RedcurrantPuff · 26/04/2021 08:45

You do have a contract. What you don’t have is a written statement of particulars

What you should do is tell them to fuck off bur I suspect you will just roll over and take it because you need a job.

I would suggest reporting them to HMRC because I would reckon an employer who acts like this has also broken minimum wage and furlough rules at the very least

Plus since when does a removals firm need someone to be on call at weekends? Ridiculous.

MrsHuntGeneNotJeremyObviously · 26/04/2021 08:45

It doesn't matter what your employer wants or even what you agree to - neither of you have any jurisdiction over what your wife decides to do with her career!
To be honest I think you need to locate your spine and tell your employer a straight no. Get some legal/union advice. But you cannot allow someone to dictate to you like this.

MzHz · 26/04/2021 08:46

I agree with those saying to you to get involved in building your wife’s business

That is an area that is absolutely a gold mine for you at the moment!
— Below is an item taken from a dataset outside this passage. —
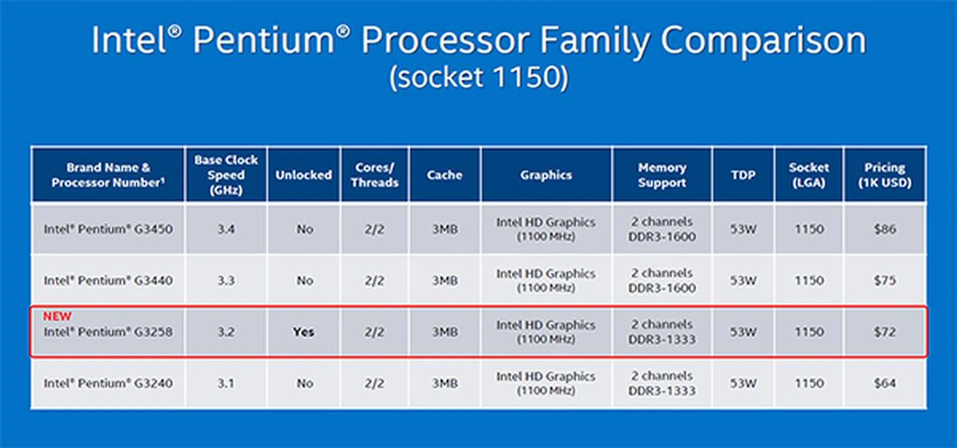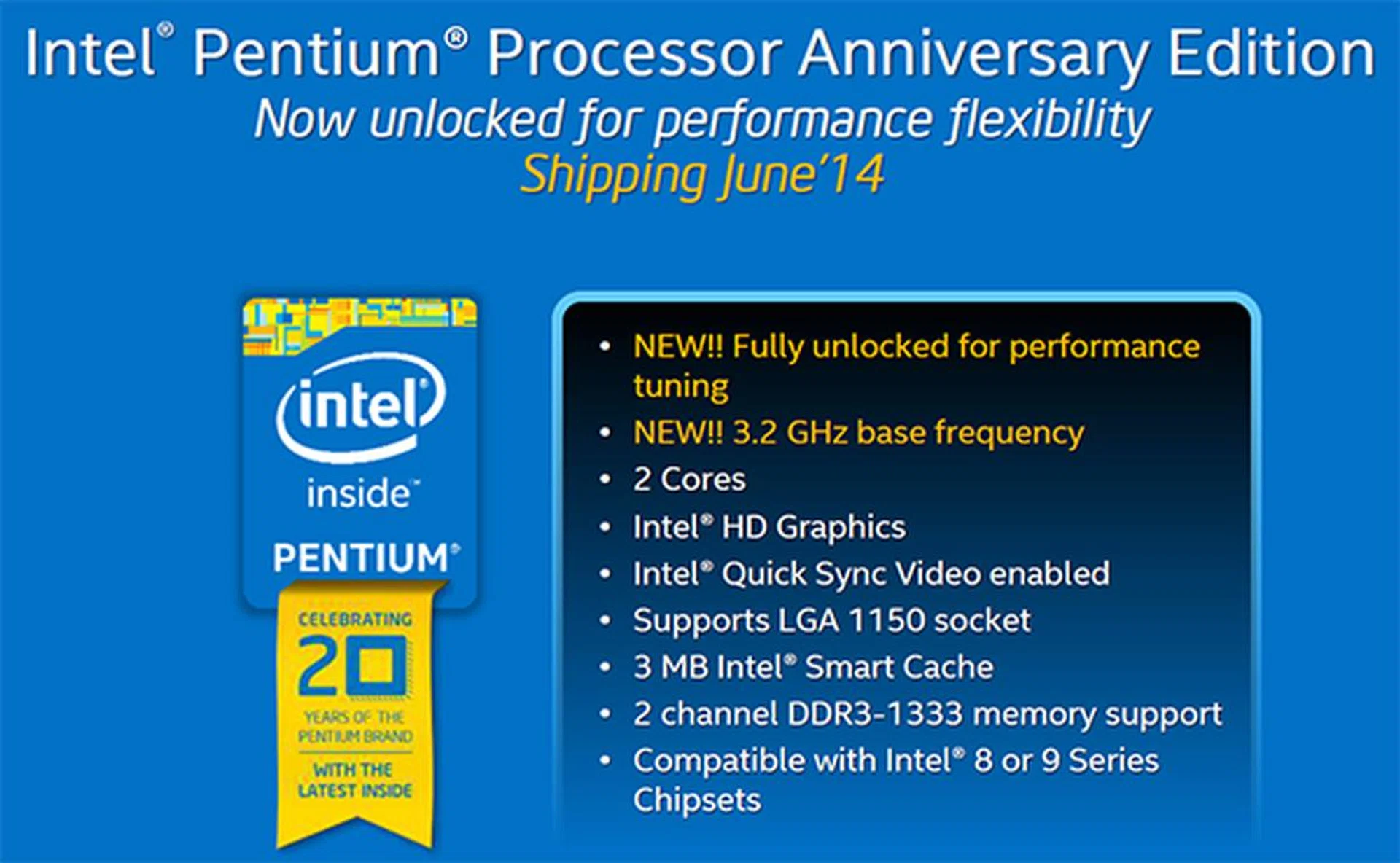 To celebrate 20 years of this Pentium brand, Intel will make available a special anniversary edition of the Pentium processor for enthusiasts. Based on the Haswell architecture and the latest 22nm process technology, the new Pentium Processor Anniversary Edition is a dual-core processor with a base frequency of 3.2GHz. But what sets this apart from the rest of the other Pentium processors is its unlocked core that will allow overclockers to tune its performance. Since it's a dual-core part, overclocking should be easier than its quad-core counterparts and it won't cost a bomb as well. Priced at only US$72 for 1K units, the Pentium Anniversary Edition will be available sometime in June 2014 and will be sold as an Intel Pentium G3258 processor.

Socialisation sessions, walking and exercise are things you could easily do while you learn about the training side of things.

Strike while the iron is hot

Sometimes things happen for a reason. This is one of those times. Grab it with both hands.

I would go back to cousin and say you want the offer/contract and job role and responsibility put in writing

This will buy you time

So then while this is going on, plan with your wife so that she can start setting up a schedule or asking clients or advertising for interest in sessions or services she could offer if she had 7 days a week (ie your time too)

Soubriquet · 26/04/2021 08:47

Well, the employer can ask, but it’s down to you to say no.

I would be furious if my dh asked me to give my work up

geraldmeers · 26/04/2021 08:50

My db recently used the ACAS helpline over a similar issue. Not a family business but he had no written contract and his hours were changed. ACAS really helped in explaining that he had an implied contract and what he could use as evidence for this, and explained his legal rights, what options he had, etc. So definitely give them a ring.

vodkaredbullgirl · 26/04/2021 08:52

Time for a new job, your cousin can't expect your wife to give up her work.

IntermittentParps · 26/04/2021 08:52

I agree with MzHz, this is an opportunity for you.
And even if you don't want to get on board with your wife's business, your employer/cousin can shove his request.